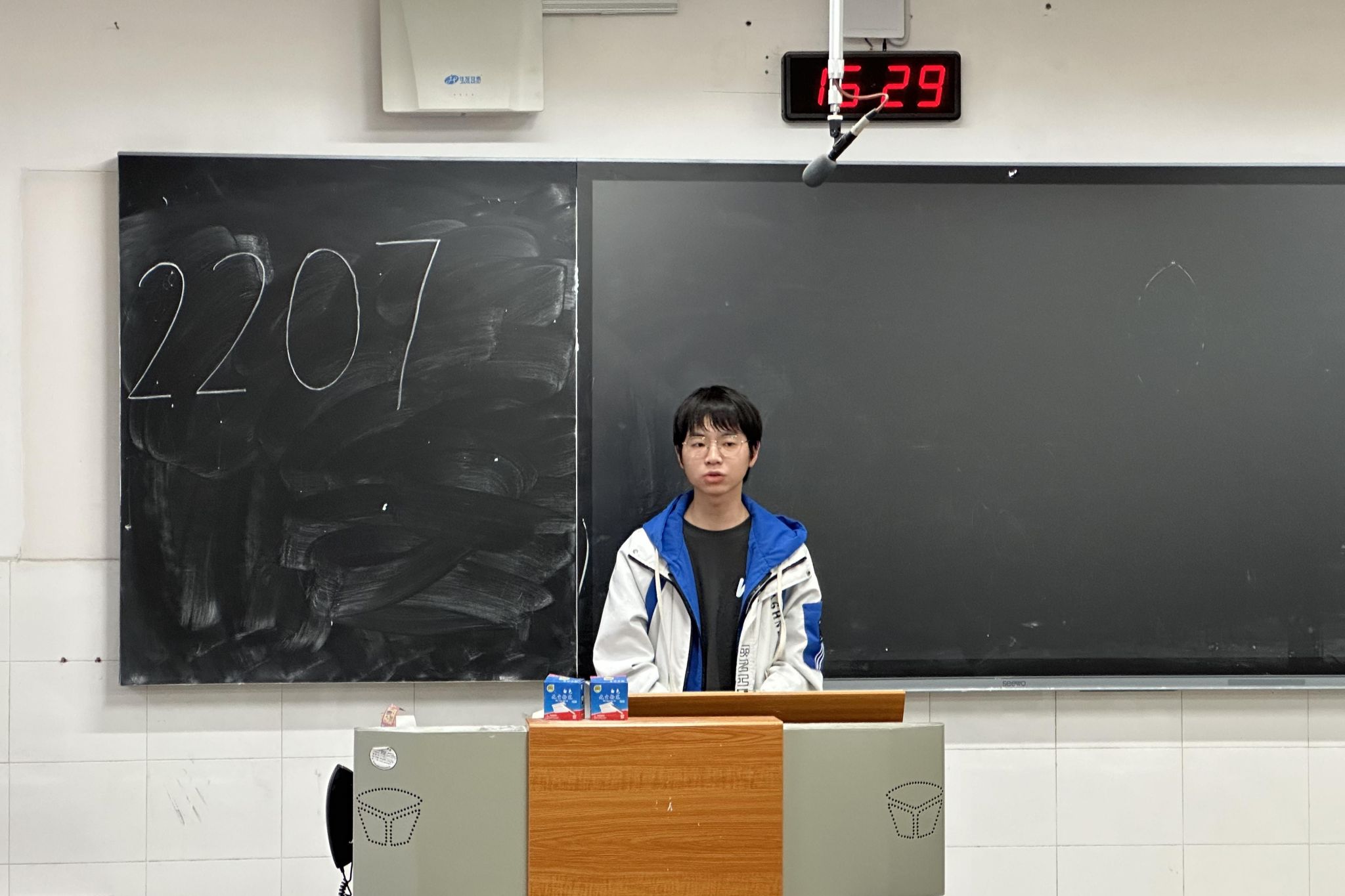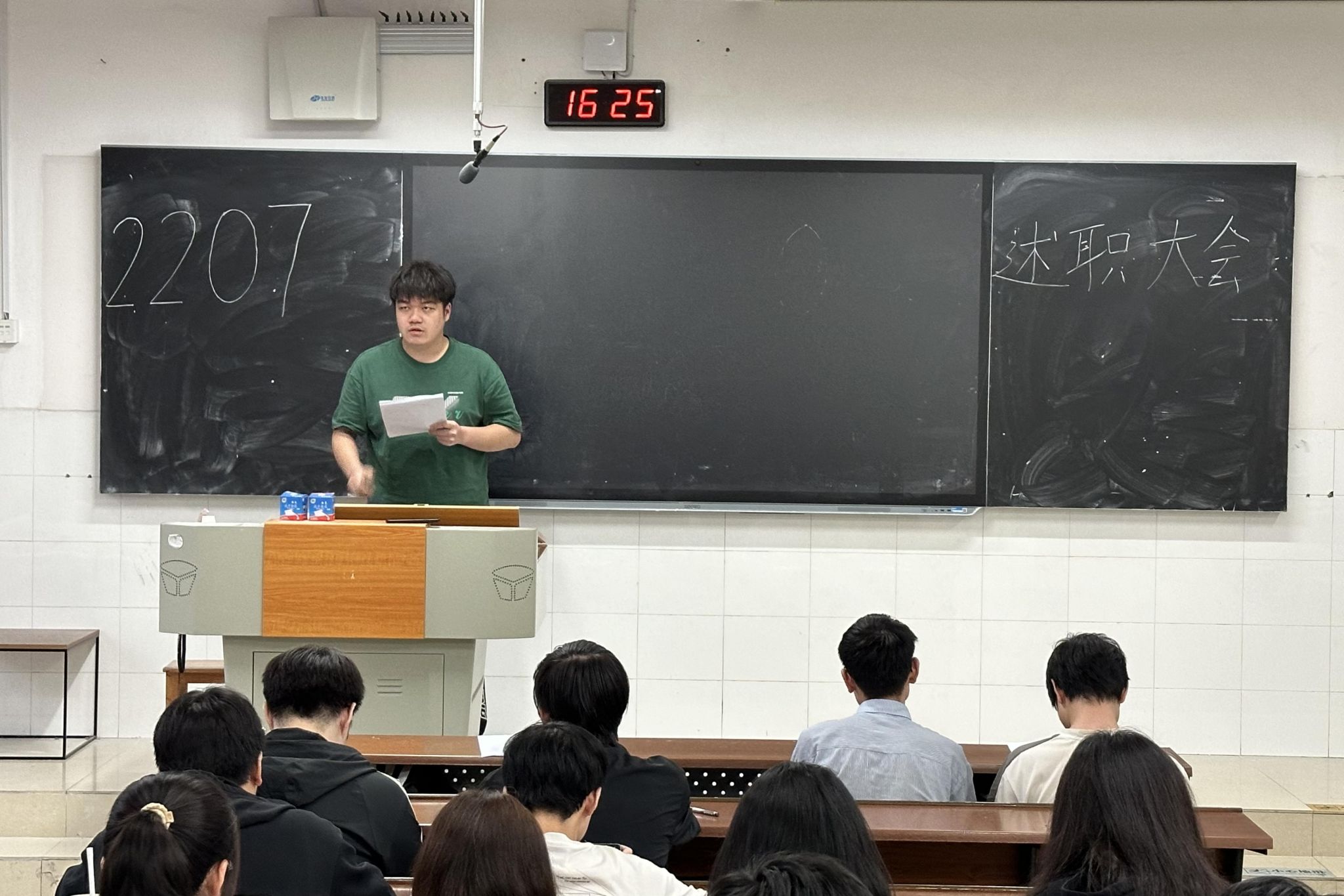 此次会议中参与述职的有班长王康耀、团支书张喆政、青年志愿者委员郭林龄、组织委员龙力游、宣传委员丁玮祺五位班委。会议开始时,王康耀主持会议,强调此次会议的重要性并讲解民主投票规则。班委按照顺序依次从德、能、勤、绩、学五个方面述职,讲述任职以来的成就及为班级作出的贡献,并对工作中的不足之处进行了反思。班级同学对五位班委各方面打分,由王康耀整合并统计平均值。
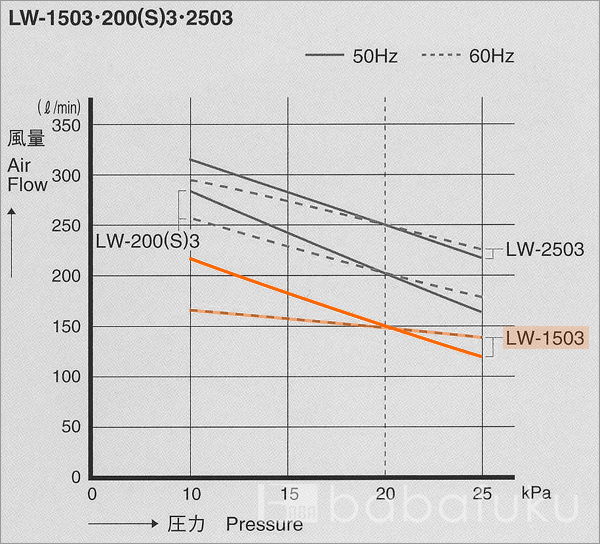 新保護スイッチの搭載により、ダイヤフラム破損時の、ブロアー(エアーポンプ)内部の 破損トラブル防止に役立ちます。 散気管や配管に詰まりがあり、ブロアーに負荷が掛る場合、空気を抜きます。 風量と圧力の関係図です。圧力が大きくなると風量は下がります。 この商品はオレンジ色のグラフが対象となります。  商品の各サイズです。画像拡大はこちら。(拡大図)  スペックの値です。オレンジ色の部分がこの商品の対象値になります。 画像拡大図はこちらからご覧になれます。(拡大図)  万が一、不具合で回収する等のトラブルが発生しても問題ないように、 お客様の購入品番を独自に保存して保証書カードを発行させて頂いております。  こちらの商品は通常の半額以下で塩素剤5本セットをお付けしたセット商品になります。 塩素剤は浄化槽から河川に水を放流する際に消毒をします。 | 電圧(V) | 200V | 周波数(Hz) | 50Hz/60Hz | | 吐出口径(cm) | φ2.6 | 風量(L/min) | 150L/min | | サイズ(cm) | 横34.0 縦22.0 高さ21.6 | 重量(kg) | 14.1kg | | 常用圧力 | 20kPa | 相 | 三相 | 弊社でのご購入メリットブロアー等の浄化槽用品は購入までの時間より、購入後の時間の方が長く、 すぐに機能しなくなってしまっては意味がありません。 浄化槽管理暦35年以上のプロの選んだ取り付け部品、独自保証システム、さらに 1万円以上ご購入頂いたお客様には「浄化槽コミュニティ」へご招待させて頂いてます。
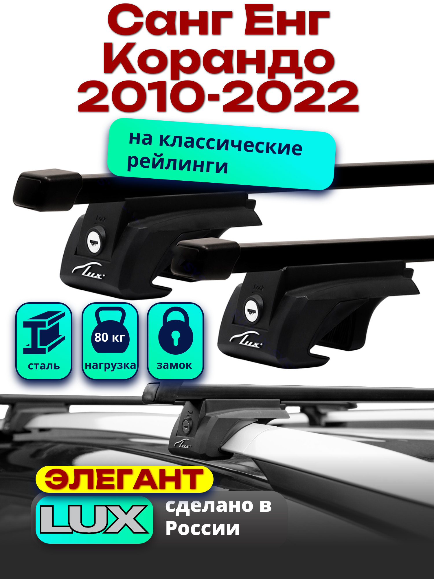 Багажник на крышу Санг Енг Корандо 2010-2022 на рейлинги, черный, прямоугольные дуги, LUX элегант информация:
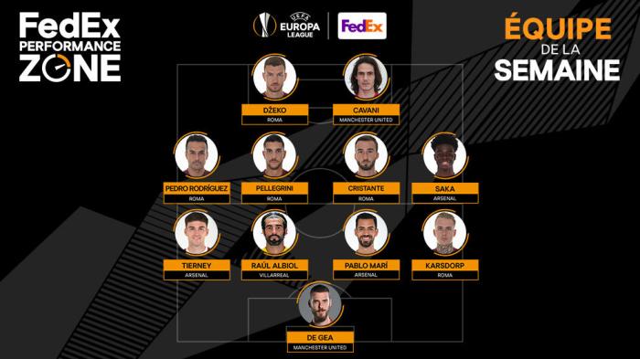 JRS直播网讯 欧联杯半决赛结束,曼联淘汰罗马,与淘汰了阿森纳的比利亚雷亚尔会师决赛。今日,欧足联官方公布了本周欧联杯最佳阵容。
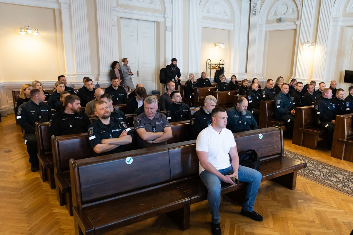 Kaip ir anksčiau vykusiuose teismuose, palaikyti teisiamo kolegos atvyko policijos vadovybė, pareigūnai. Teismo salėje sėdėjo policijos generalinio komisaro pavaduotojas Renaldas Žekonis, taip pat apie 30 tarnybinėmis uniformomis vilkėjusių policijos pareigūnų.
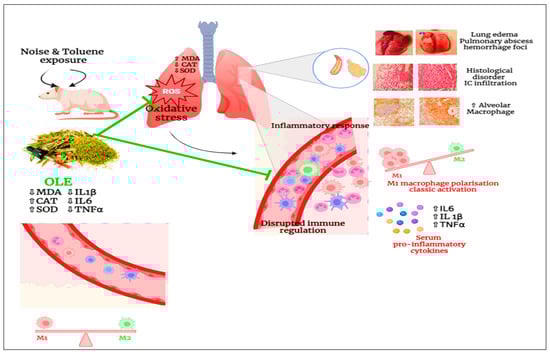 Chronic exposure to noise and toluene harms the body, particularly the lungs, by inducing oxidative stress. This stress leads to an increased level of MDA, which disrupts the activities of catalase and SOD. Additionally, it causes disarray in the architecture of the pulmonary tissues. Co-exposure to noise and toluene increases pulmonary macrophage levels with classical activation, thus triggering an inflammatory response characterized by elevated levels of pro-inflammatory mediators such as TNF-α, IL-6, and IL-1β. This response results in vasodilation and increased vascular permeability, thereby promoting the infiltration of immune cells into pulmonary tissues. However, the administration of OLE reduced oxidative stress by decreasing MDA levels and enhancing antioxidant capacity. Concurrently, it also reduces the number of pulmonary macrophages, leading to a decrease in pro-inflammatory mediators and modulation of the inflammatory response. Moreover, OLE improves the architecture of pulmonary tissues.
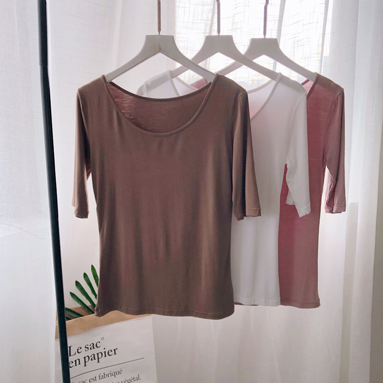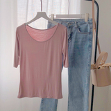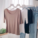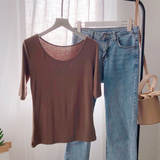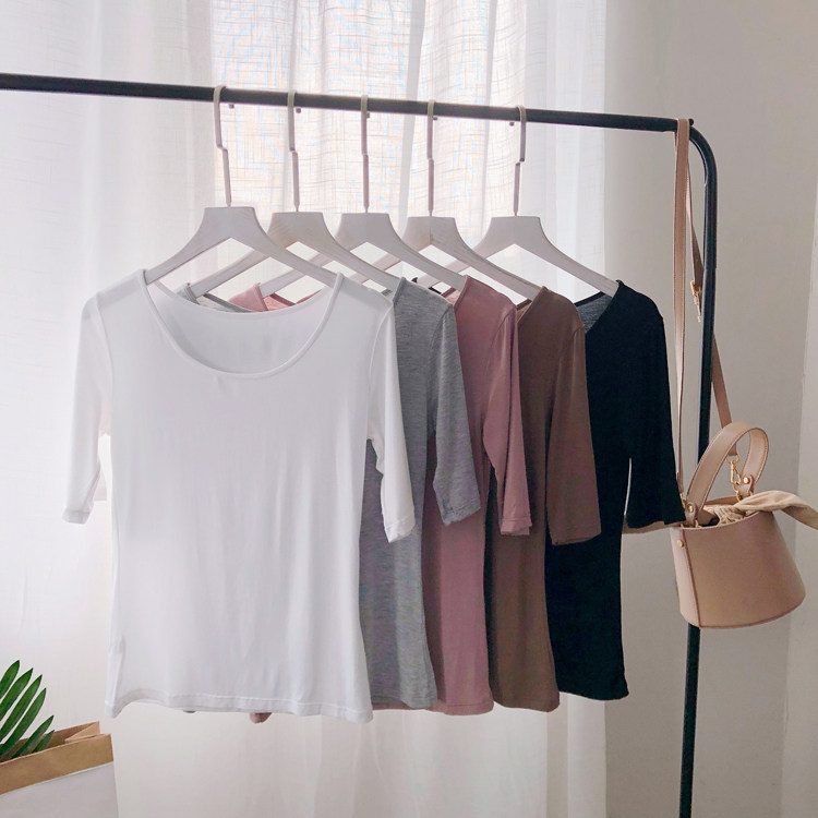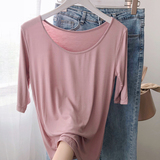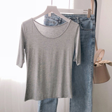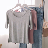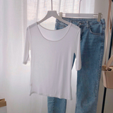 Осенняя приталенная базовая приятная телу футболка с круглым воротником, 2019, в корейском стиле
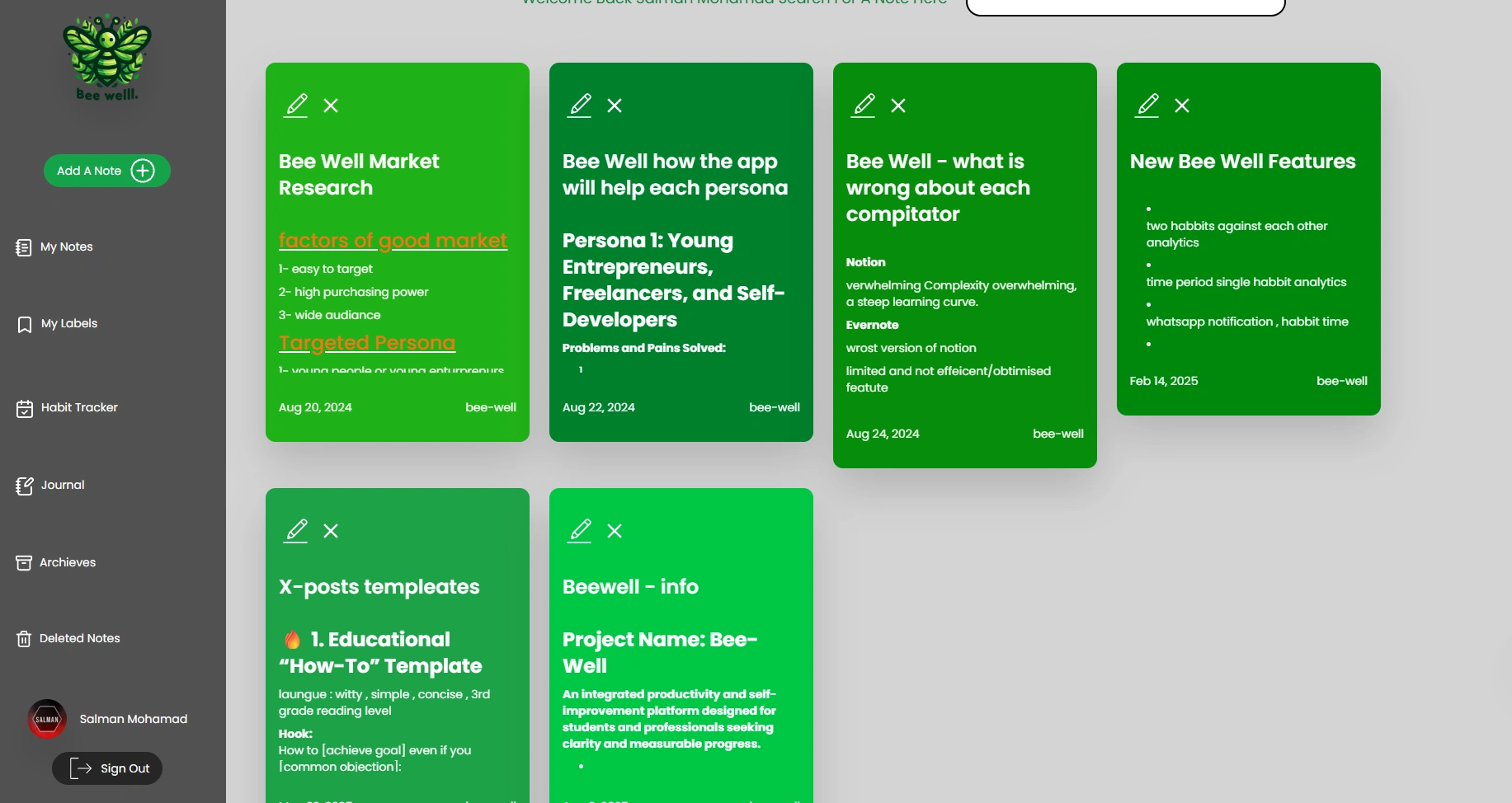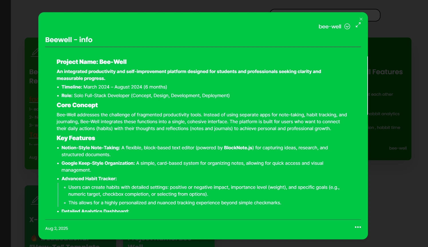 Conceived, designed, and built Bee-Well, a full-stack web application for integrated productivity and self-improvement, managing the entire project lifecycle from concept to deployment.
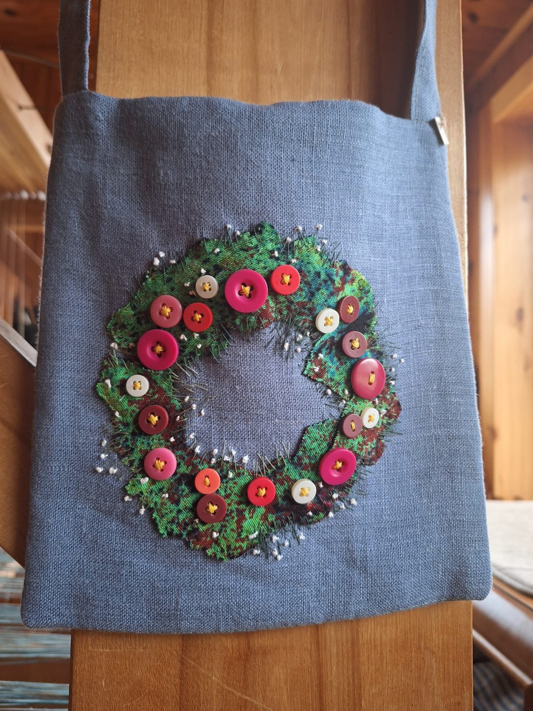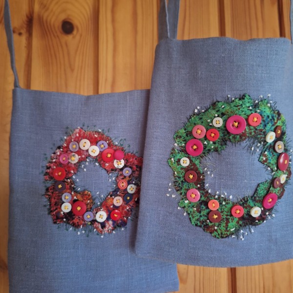 Pelēcīgi zilgana lina auduma plecu somiņa ar izšūtu podziņu dekoru. Priecīgs akcents pie tērpa visiem vasaras svētkiem un notikumiem. 20 x 21cm
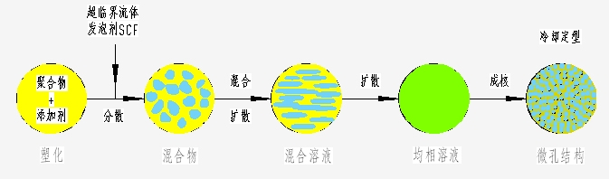 采用超臨界流體,即超臨界狀態的氮氣或二氧化碳,作為發泡劑,經過精確計量后,與熱塑性塑料熔體充分混合均勻,形成均勻的熔膠/發泡劑均相體系,包括單相溶液;所獲得的這種均相體系,經過發泡成型口模或注塑模具實現所需要的發泡制品,例如微孔發泡制品和結構發泡制品、高發泡材料。
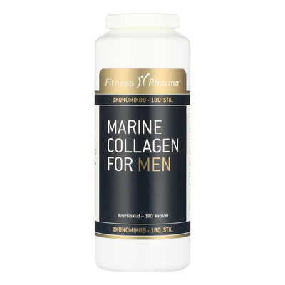 Fitness Pharma Collagen for Men är ett kosttillskott i praktisk kapselform som gör det enkelt för män att få i sig olika vitaminer och mineraler. Tillskottet innehåller zink, som bidrar till att bibehålla normalt hår, hud och naglar. Biotin bidrar också till att bibehålla normalt hår. C-vitamin bidrar till normal bildning av kollagen, vilket är viktigt för normal hudfunktion.
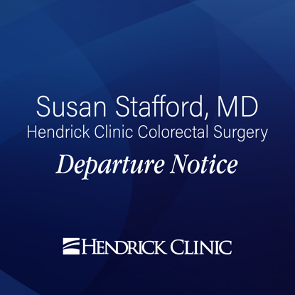 Dr. Susan Stafford will no longer be practicing with Hendrick Clinic Colorectal Surgery, effective February 17, 2023. If you would like to continue ...
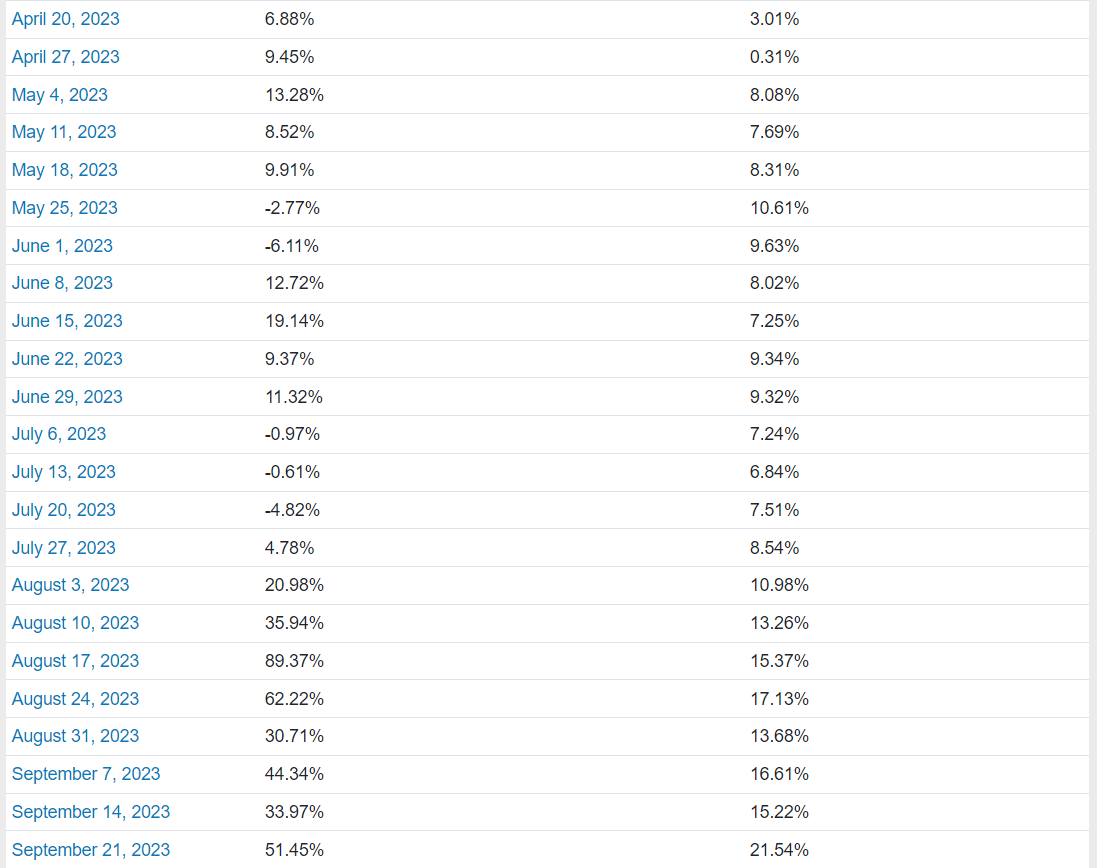 That was the 28th top names cohort of 38 since we started this Substack that beat the market (PA top ten returns are on the left below; SPY returns on the right).

** WHAT IS EXPECTED **
Keep the pictures out and print all the records exactly as they are.

** EXPECTED ANSWER **
 此次会议中参与述职的有班长王康耀、团支书张喆政、青年志愿者委员郭林龄、组织委员龙力游、宣传委员丁玮祺五位班委。会议开始时,王康耀主持会议,强调此次会议的重要性并讲解民主投票规则。班委按照顺序依次从德、能、勤、绩、学五个方面述职,讲述任职以来的成就及为班级作出的贡献,并对工作中的不足之处进行了反思。班级同学对五位班委各方面打分,由王康耀整合并统计平均值。
 新保護スイッチの搭載により、ダイヤフラム破損時の、ブロアー(エアーポンプ)内部の 破損トラブル防止に役立ちます。 散気管や配管に詰まりがあり、ブロアーに負荷が掛る場合、空気を抜きます。 風量と圧力の関係図です。圧力が大きくなると風量は下がります。 この商品はオレンジ色のグラフが対象となります。  商品の各サイズです。画像拡大はこちら。(拡大図)  スペックの値です。オレンジ色の部分がこの商品の対象値になります。 画像拡大図はこちらからご覧になれます。(拡大図)  万が一、不具合で回収する等のトラブルが発生しても問題ないように、 お客様の購入品番を独自に保存して保証書カードを発行させて頂いております。  こちらの商品は通常の半額以下で塩素剤5本セットをお付けしたセット商品になります。 塩素剤は浄化槽から河川に水を放流する際に消毒をします。 | 電圧(V) | 200V | 周波数(Hz) | 50Hz/60Hz | | 吐出口径(cm) | φ2.6 | 風量(L/min) | 150L/min | | サイズ(cm) | 横34.0 縦22.0 高さ21.6 | 重量(kg) | 14.1kg | | 常用圧力 | 20kPa | 相 | 三相 | 弊社でのご購入メリットブロアー等の浄化槽用品は購入までの時間より、購入後の時間の方が長く、 すぐに機能しなくなってしまっては意味がありません。 浄化槽管理暦35年以上のプロの選んだ取り付け部品、独自保証システム、さらに 1万円以上ご購入頂いたお客様には「浄化槽コミュニティ」へご招待させて頂いてます。
 Багажник на крышу Санг Енг Корандо 2010-2022 на рейлинги, черный, прямоугольные дуги, LUX элегант информация:
 JRS直播网讯 欧联杯半决赛结束,曼联淘汰罗马,与淘汰了阿森纳的比利亚雷亚尔会师决赛。今日,欧足联官方公布了本周欧联杯最佳阵容。
 Kaip ir anksčiau vykusiuose teismuose, palaikyti teisiamo kolegos atvyko policijos vadovybė, pareigūnai. Teismo salėje sėdėjo policijos generalinio komisaro pavaduotojas Renaldas Žekonis, taip pat apie 30 tarnybinėmis uniformomis vilkėjusių policijos pareigūnų.
 Chronic exposure to noise and toluene harms the body, particularly the lungs, by inducing oxidative stress. This stress leads to an increased level of MDA, which disrupts the activities of catalase and SOD. Additionally, it causes disarray in the architecture of the pulmonary tissues. Co-exposure to noise and toluene increases pulmonary macrophage levels with classical activation, thus triggering an inflammatory response characterized by elevated levels of pro-inflammatory mediators such as TNF-α, IL-6, and IL-1β. This response results in vasodilation and increased vascular permeability, thereby promoting the infiltration of immune cells into pulmonary tissues. However, the administration of OLE reduced oxidative stress by decreasing MDA levels and enhancing antioxidant capacity. Concurrently, it also reduces the number of pulmonary macrophages, leading to a decrease in pro-inflammatory mediators and modulation of the inflammatory response. Moreover, OLE improves the architecture of pulmonary tissues.
 Осенняя приталенная базовая приятная телу футболка с круглым воротником, 2019, в корейском стиле
 Conceived, designed, and built Bee-Well, a full-stack web application for integrated productivity and self-improvement, managing the entire project lifecycle from concept to deployment.
 Pelēcīgi zilgana lina auduma plecu somiņa ar izšūtu podziņu dekoru. Priecīgs akcents pie tērpa visiem vasaras svētkiem un notikumiem. 20 x 21cm
 采用超臨界流體,即超臨界狀態的氮氣或二氧化碳,作為發泡劑,經過精確計量后,與熱塑性塑料熔體充分混合均勻,形成均勻的熔膠/發泡劑均相體系,包括單相溶液;所獲得的這種均相體系,經過發泡成型口模或注塑模具實現所需要的發泡制品,例如微孔發泡制品和結構發泡制品、高發泡材料。
 Fitness Pharma Collagen for Men är ett kosttillskott i praktisk kapselform som gör det enkelt för män att få i sig olika vitaminer och mineraler. Tillskottet innehåller zink, som bidrar till att bibehålla normalt hår, hud och naglar. Biotin bidrar också till att bibehålla normalt hår. C-vitamin bidrar till normal bildning av kollagen, vilket är viktigt för normal hudfunktion.
 Dr. Susan Stafford will no longer be practicing with Hendrick Clinic Colorectal Surgery, effective February 17, 2023. If you would like to continue ...
 That was the 28th top names cohort of 38 since we started this Substack that beat the market (PA top ten returns are on the left below; SPY returns on the right).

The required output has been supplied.